11:36A conquistador is a person willing to die or to kill for honor and fortune,
11:43and Pizarro was neither more nor less than that, a conquistador,
11:46a person who was willing to risk his life for honor and fortune,
11:55honor for himself and for his lineage, for his family.
12:01All of Extremadura was then an emigrant province,
12:05because the benefits that the poor land itself gave,
12:10were given by absentee beneficiaries who did not live in Extremadura,
12:14but who lived in Seville or Madrid,
12:17and therefore the Extremeños were forced to emigrate.
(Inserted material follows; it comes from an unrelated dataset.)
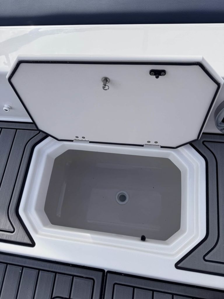 From bow to stern, this model is designed with family-friendly features. The spacious open layout seats up to 14 passengers comfortably, with plush marine-grade upholstery and ergonomic helm seating. Generous storage compartments throughout keep gear, coolers, and water toys neatly tucked away but always within reach.

12:21That explains why so many Extremeños went in search of the Americas.
12:31At the beginning of the 16th century,
12:33the conquerors intensified their exploration of the New World
12:36and offered the throne of Castile an increasingly extensive territory.
12:41Thanks to a series of alliances and marriages,
12:44King Charles V, heir to the family of the Habsburgs
12:47and future emperor of the Holy Roman Empire,
12:50obtained in 1516 the crown of Spain and all the lands discovered in the Americas.
13:00All the wealth brought from those lands would be found from then on in Seville,
13:05which became the economic center of the kingdom.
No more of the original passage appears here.